Dates: 1944

Biography:

Charles Truman Phillips

Charles Truman Phillips was born in Louin, Jasper County, Mississippi, on November 6, 1922. He attended Antioch School through the tenth grade. Phillips then attended Louin High School for one year. He entered the military on December 31, 1942, earning his high-school diploma while in the service. Phillips entered basic training in Miami, Florida. From there he was sent to Amarillo, Texas, where he was trained as an airplane mechanic. He then received additional training in Seattle, Washington, at the Boeing Aircraft Factory School, where B-17 bombers were manufactured. Phillips was then sent to a series of special training assignments, including gunnery school at Kingman, Arizona, and crew-training school at Pyote, Texas, to practice bombing runs on targets. Here he was given his first permanent assignment as a ball-turret gunner on a B-17. He was then transferred to staging areas in Nebraska, Virginia, and finally at Camp Kilmer, New Jersey. On June 2, 1944, he sailed to England on the New Amsterdamas part of the Eighth Air Force, arriving there on June 9, 1944. The invasion of Normandy, or D-Day, occurred on June 6, 1944.

After arriving in England, Phillips was stationed at an air base near Kimbolden. He flew twenty-five bombing missions over Europe between July and September of 1944. Phillips returned to the United States on the Queen Mary in November of 1944. He was honorably discharged on September 30, 1945.

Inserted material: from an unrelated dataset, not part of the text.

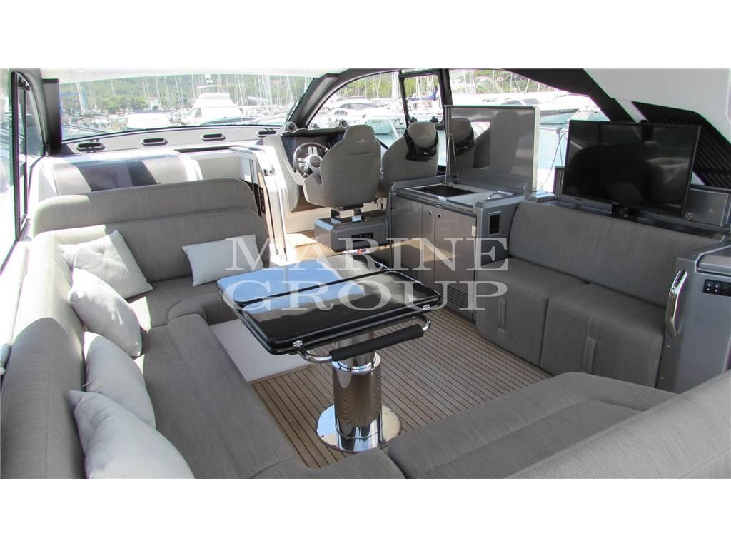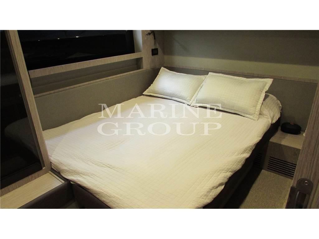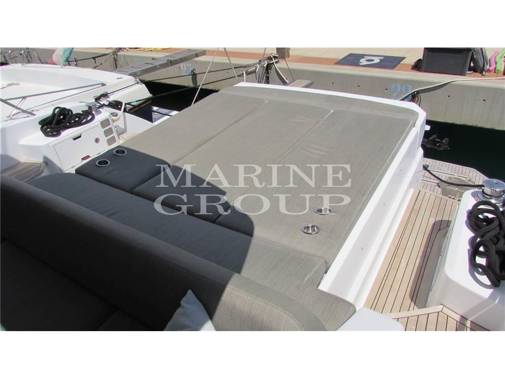 Ambiente arioso e spazioso che vede perfettamente frontestanti l'ampia dinette e la cucina completamente attrezzata; Cabina armatoriale matrimoniale a prua incorniciata da grandi vetrate ed innondata di luce naturale con bagno en suite completo di box doccia separato; cabina VIP a centro barca con letti separati che possono all'occorrenza trasformarsi in un letto queen-size; generosa terza cabina con letti a castello; secondo bagno con box doccia separato.

Phillips married Jessie Lee Montgomery on February 17, 1945. They had three children: Charles Danny (deceased), Ruby Faye, and Mary Loleeta. Phillips has been an active member of Antioch Baptist Church since 1945. He worked at the Northern Electric plant in Bay Springs, Jasper County, Mississippi, and then for Sumrall Oil in Bay Springs. Phillips later worked for Sumrall Vending as a money-room manager. Phillips retired at the age of seventy-seven.

 

Scope and Content Note:

This collection consists of a photocopy of an original diary documenting a series of twenty-five bombing missions in Czechoslovakia, Denmark, France, Germany, and the Netherlands from July 11 to September 30, 1944, and a copy print of a photograph of Phillips around the time of his military service. A table of contents lists the mission numbers and bombing targets. The entries contain dates, targets, bomb loads, amount of fuel on board, and aircraft damage. Phillips frequently includes vivid details about teamwork during a mission, mechanical failures en route, and bombing action he witnessed, always noting the number of men parachuting from airplanes in his squadron. Sheet 19c is an epitaph for the bomber, Mairzy Doats, that crashed in the English Channel with only two survivors. Mission 22 is the most detailed in the diary, relating a near-fatal attack on the plane and how Phillips and others saved their wounded crewmen, made the plane lighter, and returned to base safely. Phillips's descriptions are succinct, but his tone in recounting events is understated. Consequently, the researcher may better understand how such crewmen were able to function well under the stress of battle.

 

Series Identification:

Series 1: Diary (photocopy). 1944. 1 folder.

 

Series 2: Photograph (copy print). ca. 1944. 1 folder.